** Opening STORED DATA block **

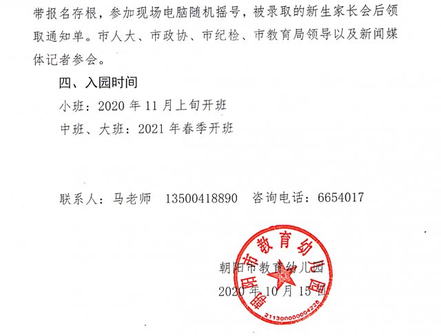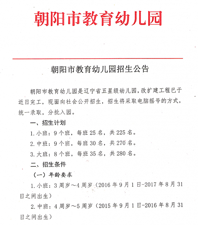 據(jù)了解,招生將采取電腦搖號的方式,統(tǒng)一錄取,分批入園,以充分體現(xiàn)陽光、公正。其中,小班計劃招生225人,中班計劃招生270人,大班計劃招生280人。報名時間是10月18日至10月20日。為更好地服務(wù)廣大市民,本網(wǎng)現(xiàn)予編發(fā)該園《招生公告》,敬請各位網(wǎng)友轉(zhuǎn)發(fā)。
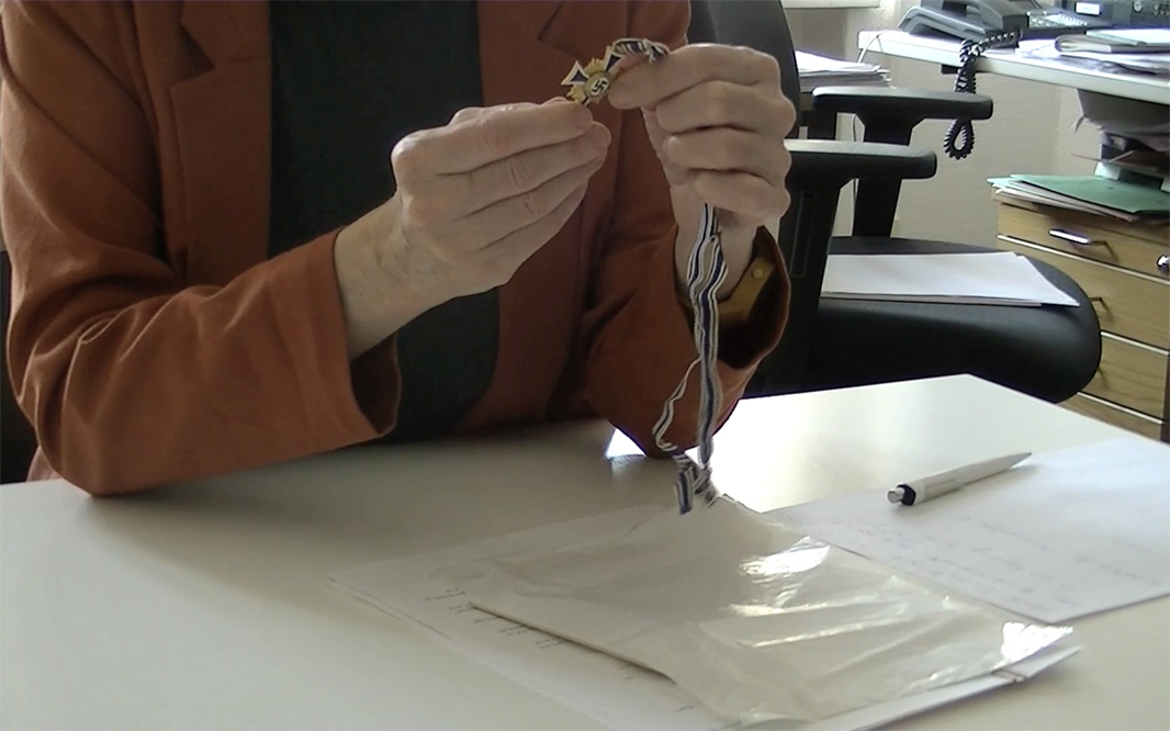 I planned to present a tripartite constellation of elements comprising a video, a letter, and a displacement. The video was recorded as an interview with Dr. Gerner and her colleagues holding various Nazi artifacts possessed by the museum. In it she describes the provenance and importance of each item, in what context they have been or could be displayed, and what the museum does not know about each one. The artifacts include an opera program from the time, daintily embossed with emblems of the Third Reich, which contains a text on the relevance of the opera to the ambitions of the Reich; a “Mutterkreuz” (Cross of Honour of the German Mother) given to women who bore numerous Aryan babies; a book of children’s songs, etc. Dr. Gerner outlines how most of the objects in the collection arrive there by donation and how their precise histories are often unknown. For her, keeping and displaying these items serves to educate – which, she asserted, was a political end in itself.
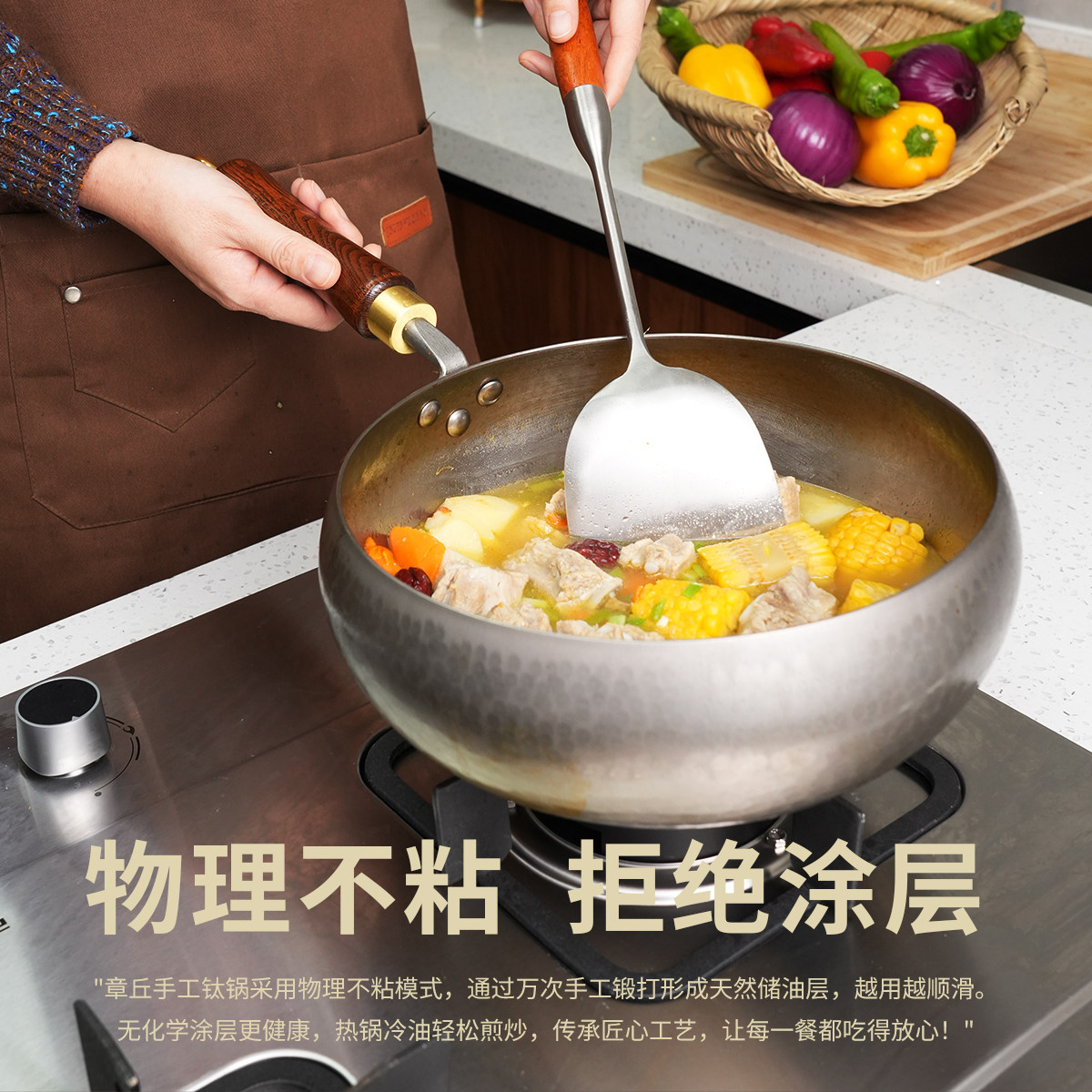章丘钛锅真手工锻打纯钛炒锅无涂层不粘锅不生锈家用炒菜锅小炒锅
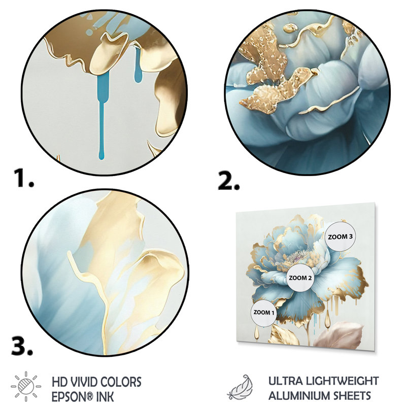 This floral wall art brings a glam vibe to your space with an artistic vibe. It’s a reproduction printed with premium inks on a square aluminum panel that adds intrigue. The design features a blooming flower with layered, pale blue petals accented with dripping gold paint. We love that this wall art comes with mounting hardware, so it’s ready to hang right out of the box. Arrange it over your sideboard, sofa, or headboard for a chic update.

** Closing STORED DATA block **

# EXERCISE DESCRIPTION
Please reproduce the whole listing exactly; the pictures stay out.

# EXERCISE ANSWER
 據(jù)了解,招生將采取電腦搖號的方式,統(tǒng)一錄取,分批入園,以充分體現(xiàn)陽光、公正。其中,小班計劃招生225人,中班計劃招生270人,大班計劃招生280人。報名時間是10月18日至10月20日。為更好地服務(wù)廣大市民,本網(wǎng)現(xiàn)予編發(fā)該園《招生公告》,敬請各位網(wǎng)友轉(zhuǎn)發(fā)。
 I planned to present a tripartite constellation of elements comprising a video, a letter, and a displacement. The video was recorded as an interview with Dr. Gerner and her colleagues holding various Nazi artifacts possessed by the museum. In it she describes the provenance and importance of each item, in what context they have been or could be displayed, and what the museum does not know about each one. The artifacts include an opera program from the time, daintily embossed with emblems of the Third Reich, which contains a text on the relevance of the opera to the ambitions of the Reich; a “Mutterkreuz” (Cross of Honour of the German Mother) given to women who bore numerous Aryan babies; a book of children’s songs, etc. Dr. Gerner outlines how most of the objects in the collection arrive there by donation and how their precise histories are often unknown. For her, keeping and displaying these items serves to educate – which, she asserted, was a political end in itself.
章丘钛锅真手工锻打纯钛炒锅无涂层不粘锅不生锈家用炒菜锅小炒锅
 This floral wall art brings a glam vibe to your space with an artistic vibe. It’s a reproduction printed with premium inks on a square aluminum panel that adds intrigue. The design features a blooming flower with layered, pale blue petals accented with dripping gold paint. We love that this wall art comes with mounting hardware, so it’s ready to hang right out of the box. Arrange it over your sideboard, sofa, or headboard for a chic update.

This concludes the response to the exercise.